= EXERCISE GOAL =
Give the data again exactly, without images.

= SUPPLIED DATA =

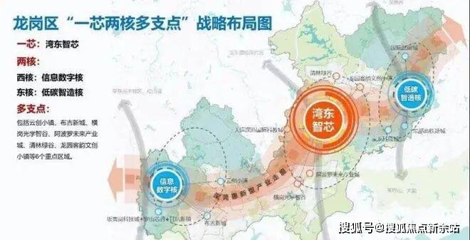 通过围绕“一芯”“两核”“多支点”主体功能布局。大运新城作为“一芯”的代表,位居“东进战略”最前沿,也是粤港澳大湾区经济腹地、辐射粤东北的“桥头堡” ,打造深圳都市圈的“东核心”。
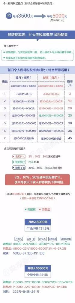 “起征點”上調,稅率結構優(yōu)化調整,一系列改革動作后,你每月會少繳納多少錢?一張圖看懂↓
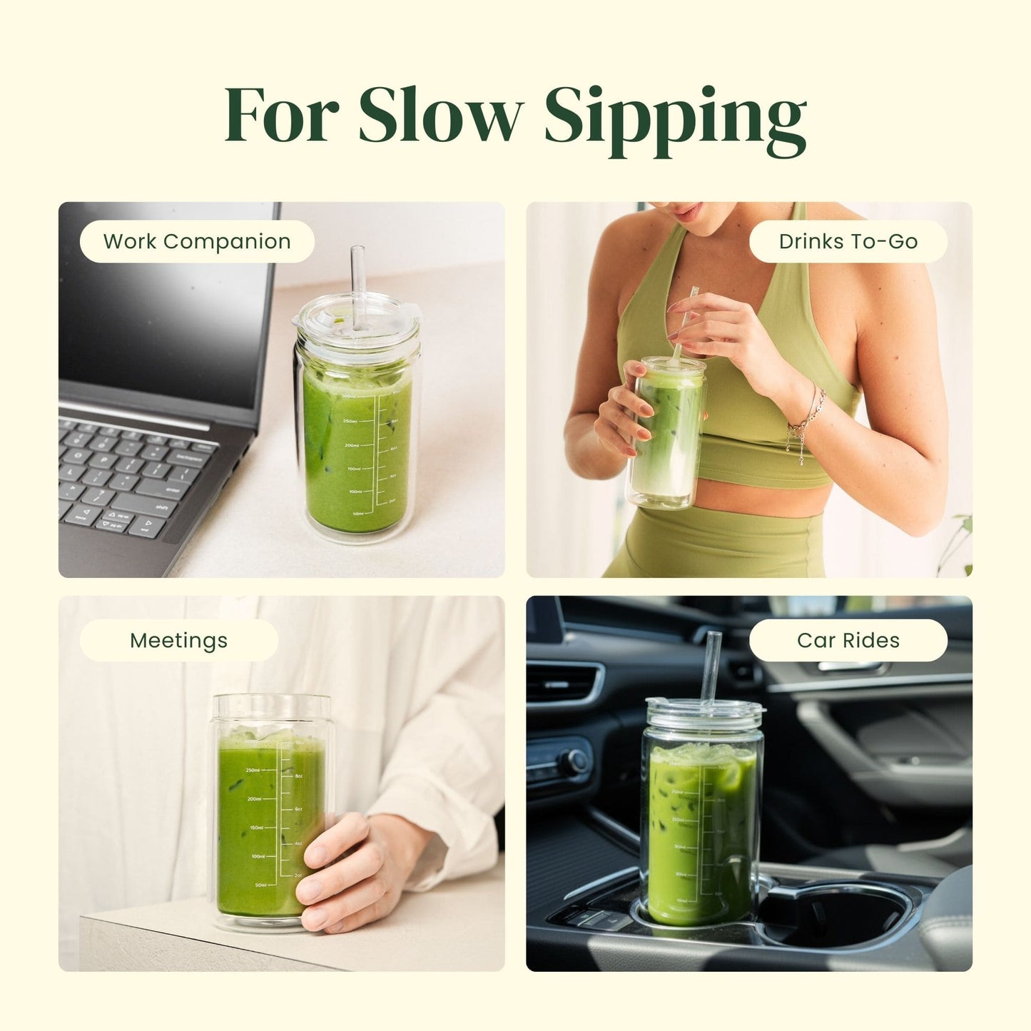 Elevate your Matcha experience on the go with our Slow Sippin' Double-Walled Glass Tumbler - perfect for the office or in your car.
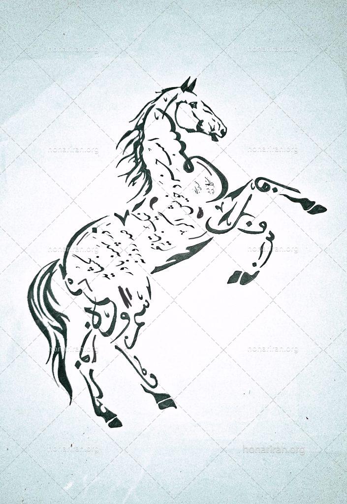 نقاشی خط با شعر «اسب خرد خویش اگر نیک بتازیم صد روزنه در پهنه باور بگشاید» تصویر اسب با خطوط فرمی ، همراه با خط نستعلیق با محتوا شعر . اسب خرد خویش اگر نیک بتازیم صد روزنه در پهنه باور بگشاید

= FINAL ANSWER =
 通过围绕“一芯”“两核”“多支点”主体功能布局。大运新城作为“一芯”的代表,位居“东进战略”最前沿,也是粤港澳大湾区经济腹地、辐射粤东北的“桥头堡” ,打造深圳都市圈的“东核心”。
 “起征點”上調,稅率結構優(yōu)化調整,一系列改革動作后,你每月會少繳納多少錢?一張圖看懂↓
 Elevate your Matcha experience on the go with our Slow Sippin' Double-Walled Glass Tumbler - perfect for the office or in your car.
 نقاشی خط با شعر «اسب خرد خویش اگر نیک بتازیم صد روزنه در پهنه باور بگشاید» تصویر اسب با خطوط فرمی ، همراه با خط نستعلیق با محتوا شعر . اسب خرد خویش اگر نیک بتازیم صد روزنه در پهنه باور بگشاید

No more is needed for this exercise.